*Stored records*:
------------------------------
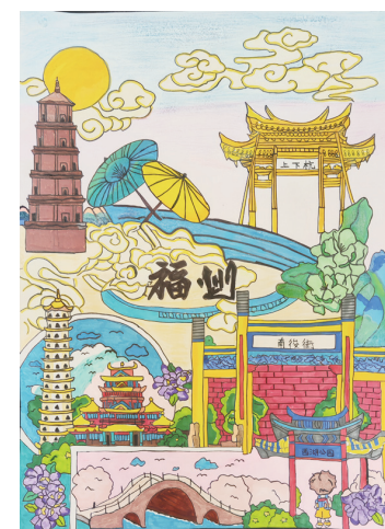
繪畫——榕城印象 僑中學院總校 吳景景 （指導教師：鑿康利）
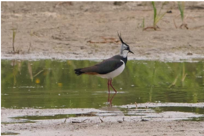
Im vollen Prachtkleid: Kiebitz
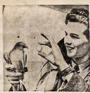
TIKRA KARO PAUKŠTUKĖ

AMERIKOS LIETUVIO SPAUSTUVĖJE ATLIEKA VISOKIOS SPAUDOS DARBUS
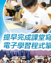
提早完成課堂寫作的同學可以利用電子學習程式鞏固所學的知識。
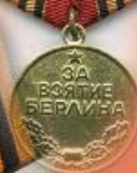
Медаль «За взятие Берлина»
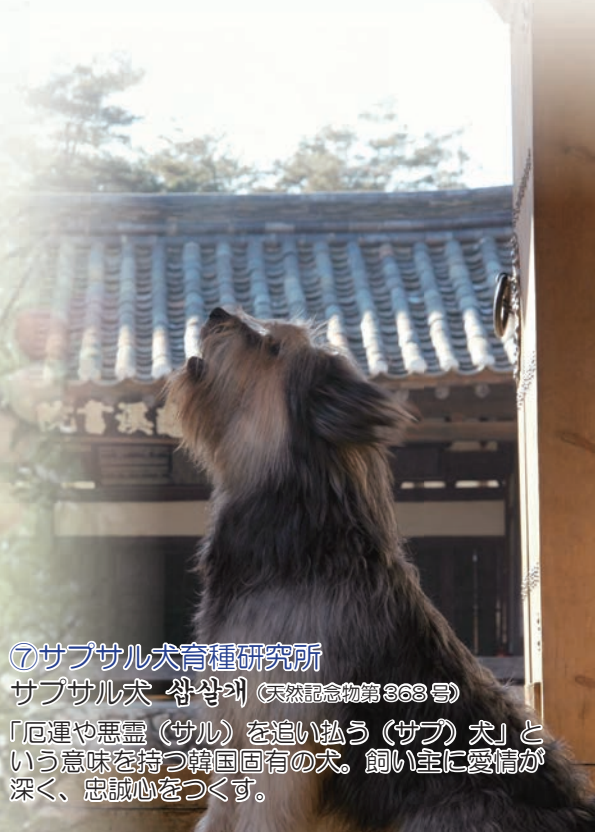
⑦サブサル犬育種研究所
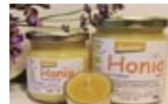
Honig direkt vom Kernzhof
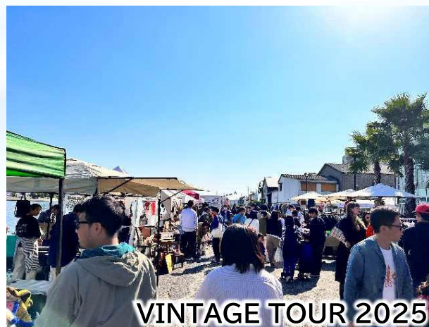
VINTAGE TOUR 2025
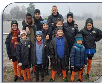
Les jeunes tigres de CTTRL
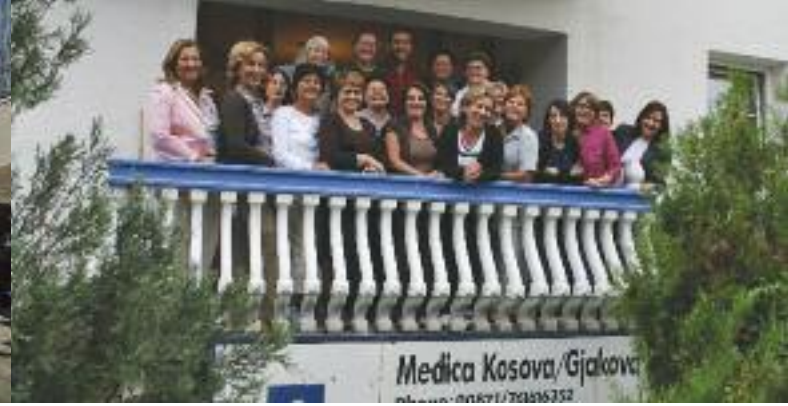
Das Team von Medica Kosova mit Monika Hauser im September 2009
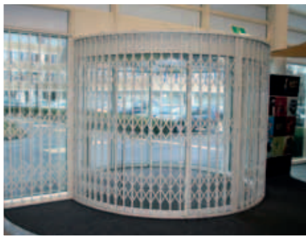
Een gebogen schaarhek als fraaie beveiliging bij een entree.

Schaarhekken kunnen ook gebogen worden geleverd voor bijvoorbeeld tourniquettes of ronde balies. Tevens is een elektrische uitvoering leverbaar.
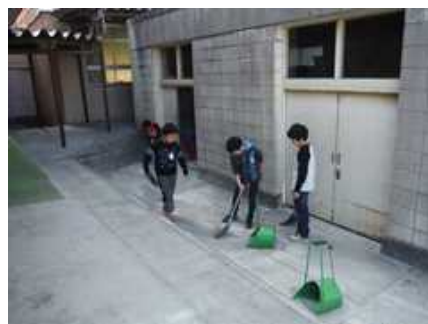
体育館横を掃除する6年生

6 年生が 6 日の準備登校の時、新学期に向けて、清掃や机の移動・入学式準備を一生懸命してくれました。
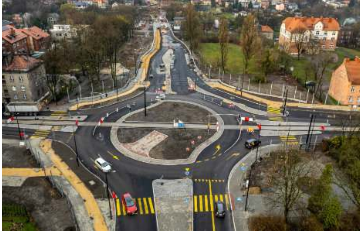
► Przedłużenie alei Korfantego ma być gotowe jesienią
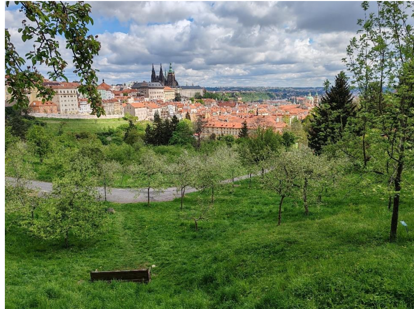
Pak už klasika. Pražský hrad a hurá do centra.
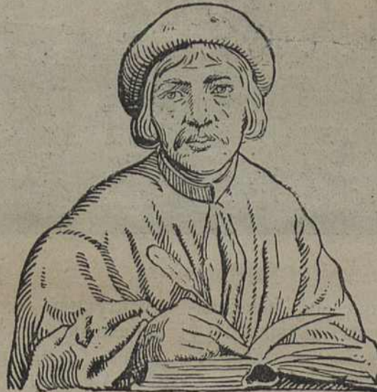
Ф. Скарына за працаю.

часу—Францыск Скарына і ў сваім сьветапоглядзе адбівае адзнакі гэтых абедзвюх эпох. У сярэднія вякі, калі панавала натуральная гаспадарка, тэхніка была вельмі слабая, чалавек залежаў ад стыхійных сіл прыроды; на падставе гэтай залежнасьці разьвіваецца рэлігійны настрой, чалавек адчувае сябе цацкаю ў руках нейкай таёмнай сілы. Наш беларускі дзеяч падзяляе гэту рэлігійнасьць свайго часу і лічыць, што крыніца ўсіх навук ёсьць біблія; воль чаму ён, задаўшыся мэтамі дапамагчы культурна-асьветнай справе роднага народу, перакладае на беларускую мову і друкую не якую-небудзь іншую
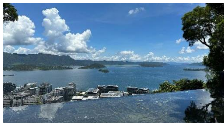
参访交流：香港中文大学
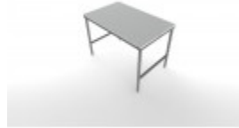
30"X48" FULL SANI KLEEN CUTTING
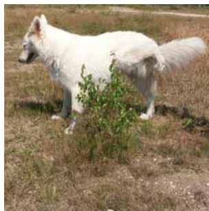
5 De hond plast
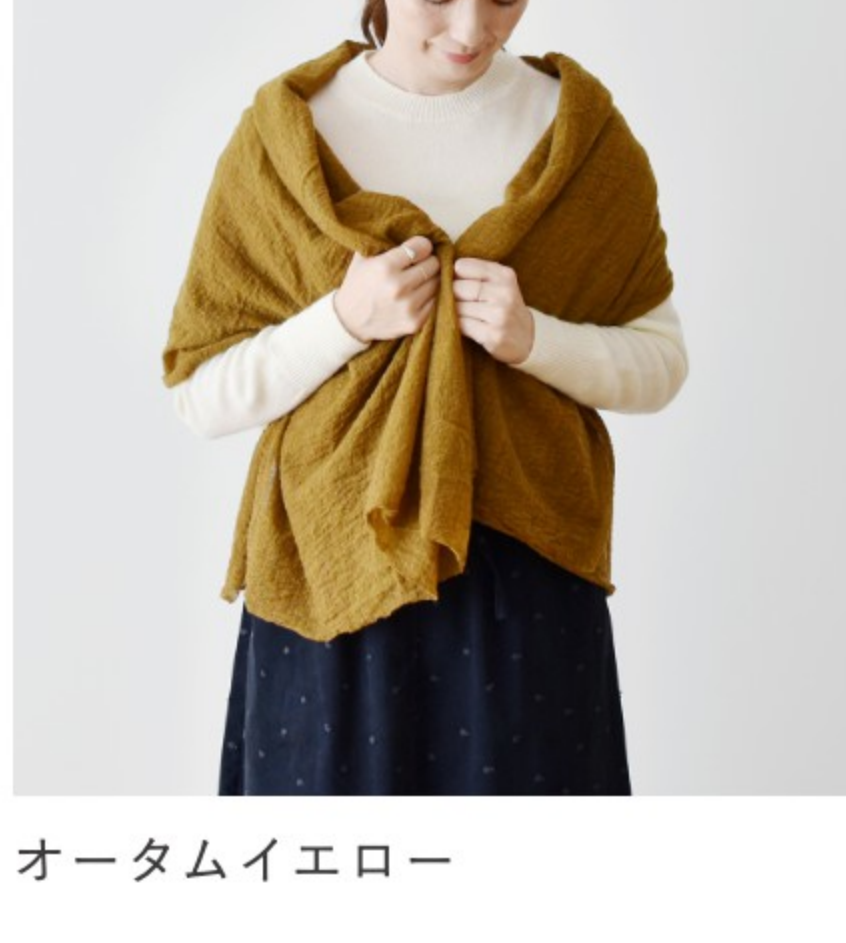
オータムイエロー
------------------------------
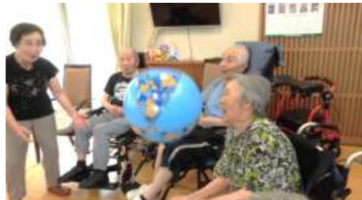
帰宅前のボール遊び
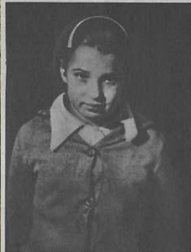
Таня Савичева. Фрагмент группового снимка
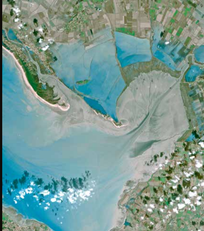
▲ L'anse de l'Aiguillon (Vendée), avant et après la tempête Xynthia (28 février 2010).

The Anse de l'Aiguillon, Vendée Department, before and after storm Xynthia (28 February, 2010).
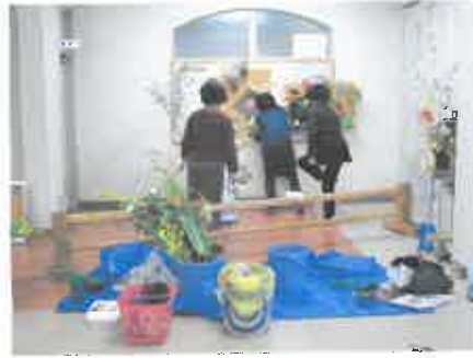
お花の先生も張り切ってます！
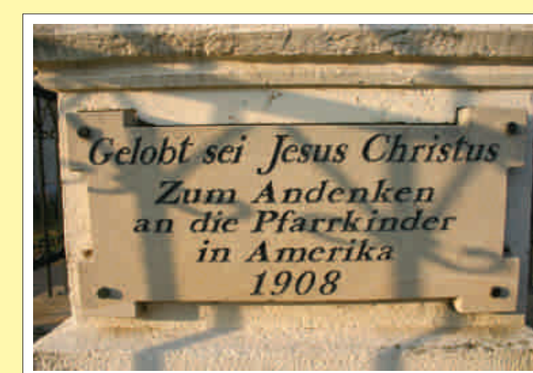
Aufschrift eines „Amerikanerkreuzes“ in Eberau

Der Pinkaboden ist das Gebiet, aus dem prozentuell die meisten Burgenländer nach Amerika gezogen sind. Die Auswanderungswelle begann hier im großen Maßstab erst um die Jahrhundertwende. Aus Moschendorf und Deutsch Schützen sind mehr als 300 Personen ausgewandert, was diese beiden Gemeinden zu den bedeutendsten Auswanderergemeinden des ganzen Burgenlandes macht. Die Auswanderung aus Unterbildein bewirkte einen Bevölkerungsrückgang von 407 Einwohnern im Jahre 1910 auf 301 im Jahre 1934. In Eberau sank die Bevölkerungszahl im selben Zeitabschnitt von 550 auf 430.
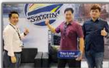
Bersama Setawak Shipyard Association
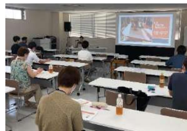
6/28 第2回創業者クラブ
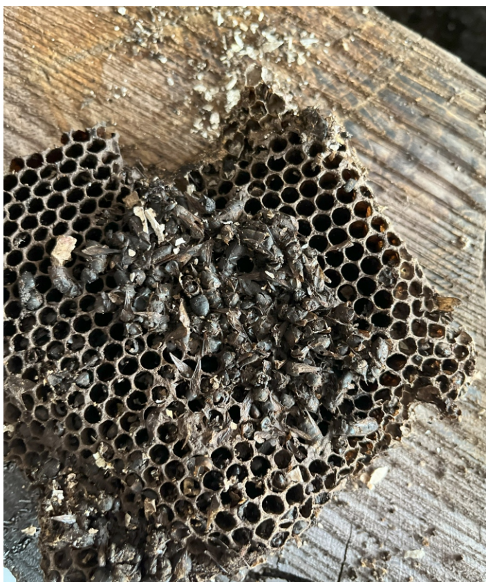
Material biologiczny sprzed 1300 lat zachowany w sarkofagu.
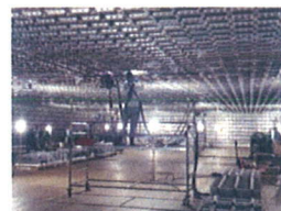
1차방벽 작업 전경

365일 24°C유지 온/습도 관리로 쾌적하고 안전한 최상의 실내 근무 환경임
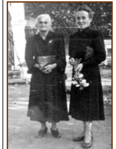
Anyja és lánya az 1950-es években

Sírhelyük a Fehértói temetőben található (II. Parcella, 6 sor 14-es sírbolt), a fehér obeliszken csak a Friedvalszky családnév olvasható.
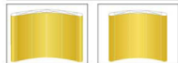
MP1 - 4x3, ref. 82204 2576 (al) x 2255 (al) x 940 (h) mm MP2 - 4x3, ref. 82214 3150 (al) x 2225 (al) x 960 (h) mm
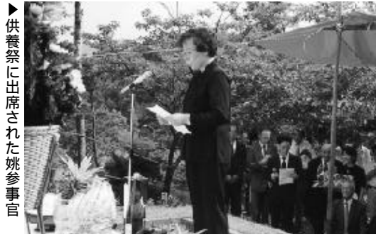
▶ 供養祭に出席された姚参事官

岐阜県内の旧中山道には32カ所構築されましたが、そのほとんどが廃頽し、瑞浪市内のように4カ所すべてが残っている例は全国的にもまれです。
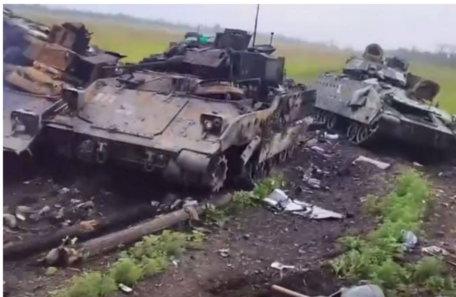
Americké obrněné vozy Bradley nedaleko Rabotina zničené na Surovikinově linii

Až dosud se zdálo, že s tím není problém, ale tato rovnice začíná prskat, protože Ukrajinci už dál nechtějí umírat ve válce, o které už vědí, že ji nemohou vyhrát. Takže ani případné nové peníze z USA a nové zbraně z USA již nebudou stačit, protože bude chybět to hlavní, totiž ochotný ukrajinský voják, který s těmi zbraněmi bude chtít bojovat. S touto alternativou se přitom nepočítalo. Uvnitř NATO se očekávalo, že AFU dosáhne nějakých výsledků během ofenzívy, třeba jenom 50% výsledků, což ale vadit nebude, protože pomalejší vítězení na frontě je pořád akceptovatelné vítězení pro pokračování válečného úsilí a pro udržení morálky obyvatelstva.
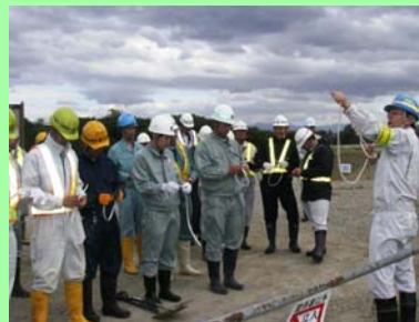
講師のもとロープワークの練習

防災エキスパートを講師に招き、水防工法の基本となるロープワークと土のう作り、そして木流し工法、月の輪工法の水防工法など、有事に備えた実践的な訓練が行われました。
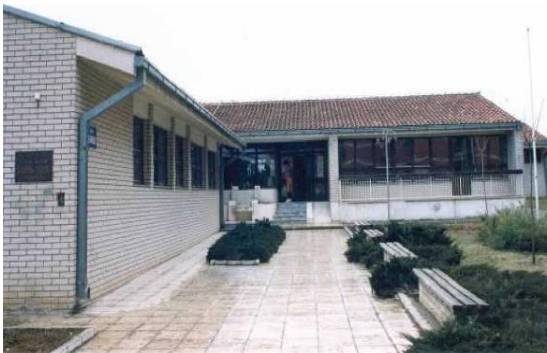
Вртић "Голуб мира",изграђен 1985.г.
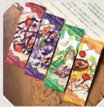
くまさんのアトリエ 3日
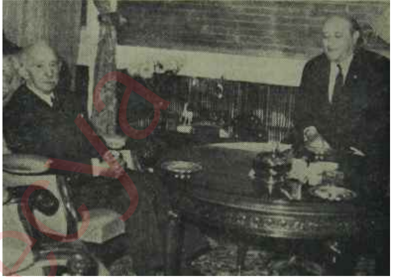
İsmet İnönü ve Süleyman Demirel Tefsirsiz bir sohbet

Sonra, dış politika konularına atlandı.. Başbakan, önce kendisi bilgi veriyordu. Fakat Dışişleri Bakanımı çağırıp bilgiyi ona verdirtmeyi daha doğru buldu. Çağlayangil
------------------------------
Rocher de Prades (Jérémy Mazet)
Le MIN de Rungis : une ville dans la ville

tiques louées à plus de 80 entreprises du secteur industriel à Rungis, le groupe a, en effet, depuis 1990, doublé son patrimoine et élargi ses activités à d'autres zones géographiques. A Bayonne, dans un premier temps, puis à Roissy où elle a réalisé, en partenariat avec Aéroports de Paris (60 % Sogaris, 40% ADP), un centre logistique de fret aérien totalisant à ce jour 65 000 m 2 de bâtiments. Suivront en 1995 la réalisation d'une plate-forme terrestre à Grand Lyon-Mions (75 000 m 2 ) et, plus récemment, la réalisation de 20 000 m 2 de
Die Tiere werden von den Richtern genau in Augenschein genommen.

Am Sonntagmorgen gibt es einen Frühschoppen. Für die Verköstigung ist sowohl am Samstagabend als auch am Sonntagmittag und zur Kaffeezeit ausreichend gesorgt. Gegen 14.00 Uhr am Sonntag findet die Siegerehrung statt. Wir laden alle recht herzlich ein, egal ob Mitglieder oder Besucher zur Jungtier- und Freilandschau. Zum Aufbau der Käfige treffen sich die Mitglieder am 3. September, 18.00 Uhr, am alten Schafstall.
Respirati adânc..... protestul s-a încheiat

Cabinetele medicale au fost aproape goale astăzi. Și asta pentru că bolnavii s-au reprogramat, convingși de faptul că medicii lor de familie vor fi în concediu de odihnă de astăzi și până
------------------------------
*What the task requires*: Only the lines above from the one with "体育館横を掃除する6年生" to the one with "Ф. Скарына за працаю." should be printed, both included and exactly as written; no picture belongs in the copy.

*Response*:
体育館横を掃除する6年生

6 年生が 6 日の準備登校の時、新学期に向けて、清掃や机の移動・入学式準備を一生懸命してくれました。
► Przedłużenie alei Korfantego ma być gotowe jesienią
Pak už klasika. Pražský hrad a hurá do centra.
Ф. Скарына за працаю.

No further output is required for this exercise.